We have a slightly lower performance when we fit the model the resampling set compared to the training set. It seems that we have a high variance problem, even if the learning curve is not very clear here... In other words, our model seems to be overfitting. Let's remove some features.
We can perform feature selection, to keep only relevant predictors, either manually or automatically.
As written by Guyon & Elisseeff (2003) (http://www.jmlr.org/papers/volume3/guyon03a/guyon03a.pdf),
There are many potential benefits of feature selection:
- facilitating data visualization and data understanding,
- reducing the measurement and storage requirements,
- reducing training and utilization times,
- defying the curse of dimensionality to improve prediction performance.
First, let's check the warning that appeared when we run our quick and dirty model. It seems that we have a problem related to rank-deficiency. It may stem from many origins, one of which may be that we have some collinear variables. We know that Fare is highly correlated with Pclass. However, removing Fare does not remove the warning.

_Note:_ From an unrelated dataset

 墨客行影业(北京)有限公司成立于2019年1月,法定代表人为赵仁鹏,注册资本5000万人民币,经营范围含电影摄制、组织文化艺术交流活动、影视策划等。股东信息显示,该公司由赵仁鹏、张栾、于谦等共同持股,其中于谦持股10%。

We have created Title2 by taking into account Sex and Age. Sex and Titles2 are likely highly correlated.
In [161]:
# For example:
hetcor(Train[,c("Sex_male", "Title2_Mr")])$correlations
Let's try to remove Sex_male then.
In [155]:
names(Train)
In [156]:
## Perform the cross validation
set.seed(1)
logmod2 <- train(Survived ~ .-Sex_female -Embarked_C -Title2_Master -Sex_male,
data = Train,
method = "glm",
trControl = numFolds,
na.action = na.omit,
preProcess=c("center", "scale"))
In [157]:
summary(logmod2)
Let's see what is the accuracy of the model.
In [158]:
logmod2$results$Accuracy
Removing Sex_male did not change the accuracy of our model.

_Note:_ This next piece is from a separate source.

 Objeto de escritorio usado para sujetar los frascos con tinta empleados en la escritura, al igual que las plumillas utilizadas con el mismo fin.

Let's have a look at the importance of each variable.
In [163]:
# absolute value of the t-statistic
varImp(logmod2, scale=FALSE)
We can remove some of the least important variable: Title2_Miss, Title2_Mrs, Embarked_S and Embarked_Q.
In [164]:
names(Train)
In [189]:
## Perform the cross validation
set.seed(1)
logmod3 <- train(Survived ~ Pclass + Age + SibSp + Parch + Fare + Child + Young + Title2_Mr + Title2_Sir,
data = Train,
method = "glm",
trControl = numFolds,
na.action = na.omit,
preProcess=c("center", "scale"))
In [190]:
logmod3$results$Accuracy
And, now, let's remove Fare which is among the least important variables and collinear with Pclass.
In [34]:
## Perform the cross validation
set.seed(1)
logmod4 <- train(Survived ~ Pclass + Age + SibSp + Parch + Child + Young + Title2_Mr + Title2_Sir,
data = Train,
method = "glm",
trControl = numFolds,
na.action = na.omit,
preProcess=c("center", "scale"))
In [35]:
logmod4$results$Accuracy
Still better!
Another way to perform feature selection is to use stepwise feature selection based on AIC. Let's try it starting with all the variables.
In [174]:
names(Train)
In [184]:
## Perform the training with cross-validation
set.seed(1)
AIC_glm <- train(Survived ~ .-Sex_female -Title2_Master -Embarked_C -Sex_male,
data = Train,
method = "glmStepAIC",
trControl = numFolds,
na.action = na.omit,
preProcess=c("center", "scale"),
trace=FALSE)
In [185]:
summary(AIC_glm)
In [186]:
AIC_glm$results$Accuracy
In [177]:
AIC_glm$results$Accuracy
We observe that performing stepwise selection slightly decreased the performance of our model. Actually, feature selection does not necessarily improve the accuracy of a model. Its aim is primarily to decrease the model's complexity. Since our aim is to have the best accuracy, we will keep all the variables selected through the manual selection.
In [191]:
names(Train)
In [26]:
## Define the cross-validation experiment
numFolds = trainControl(method = "cv", number = 10 ) # method='cv' for cross-validation, number=10 for 10 folds
cpGrid = expand.grid( .cp = seq(0.01,0.5,0.01))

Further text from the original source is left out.